One trial is providing the drug to patients with moderate illness and the other focuses on patients with severe illness.
A number of the patients are now recovering and have been released from the hospital. While it’s too early to tell, the researchers said there are also indications that remdesivir can possibly stave off being put on a ventilator.
“Early results are promising, and that is important right now. Much of what we are learning about COVID-19 management is centered around preventing quick deterioration. Timing is everything. I can’t say for certain they [patients] would have been intubated otherwise, but it’s encouraging,” said Katherine Perez, an infectious diseases pharmacist who is co-leading the trials.
Houston Methodist Hospital was the fifth site in the United States to join the clinical trials with remdesivir, and it began enrolling and treating patients in mid-March. Now, these Phase 3 trials will evaluate the effectiveness and safety of remdesivir. Both trials are registered with the federal government’s clinical trial registry.
The patients with moderate illness receive either five or 10 days of remdesivir treatment, while those with severe illness receive 10 days of treatment with the drug.
Quick treatment is critical, said Dr. Kevin Grimes, an infectious diseases physician and co-leader of the trials.
“If given early enough, we’re hoping that remdesivir interferes with the virus and blocks its ability to replicate in patients’ cells,” Grimes said in a Houston Methodist news release. “The goal is that it staves off the deadly inflammatory cascade that leads to respiratory failure and the need to be intubated and put on a ventilator.”
Remdesivir was originally developed to treat Ebola more than a decade ago. It’s known to be generally safe in humans, the researchers said, and is backed by a large body of preclinical research, and a number of studies have shown it stops SARS (severe acute respiratory syndrome) and MERS (Middle East respiratory syndrome), the viral cousins of COVID-19.
And other studies have suggested that it’s effective against the new coronavirus.
A study in China earlier this year showed that remdesivir could block COVID-19 from replicating in human cells, and a case report in the New England Journal of Medicine (NEJM) focused on the man in Washington state who was the first known U.S. COVID-19 patient. He received remdesivir, made by Gilead Sciences, and he started improving within 24 hours.

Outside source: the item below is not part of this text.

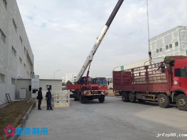 冷库制冷设备机场图片,使用吊车防止设备搬运磨损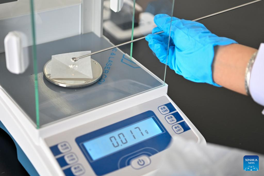 Zhang Fan, a staff member of the research institute of the Yungang Grottoes, weighs the sample of the grottoes wall at the institute in Datong, north China's Shanxi Province, April 16, 2025. (Xinhua/Yang Chenguang)

The first results from one of Gilead’s compassionate-use trials was published earlier this month in the NEJM. The study showed clinical improvement in two-thirds of patients hospitalized for severe COVID-19 who received the antiviral.
Meanwhile, forthcoming reports from several ongoing clinical trials — including the ones at Houston Methodist — will provide more evidence-based data about the use of remdesivir for treating COVID-19 patients.
Remdesivir is an investigational nucleotide analog with broad-spectrum antiviral activity – it is not approved anywhere globally for any use.
Remdesivir has demonstrated in vitro and in vivo activity in animal models against the viral pathogens MERS and SARS, which are also coronaviruses and are structurally similar to COVID-19. The limited preclinical data on remdesivir in MERS and SARS indicate that remdesivir may have potential activity against COVID-19.
Remdesivir is an experimental medicine that does not have established safety or efficacy for the treatment of any condition.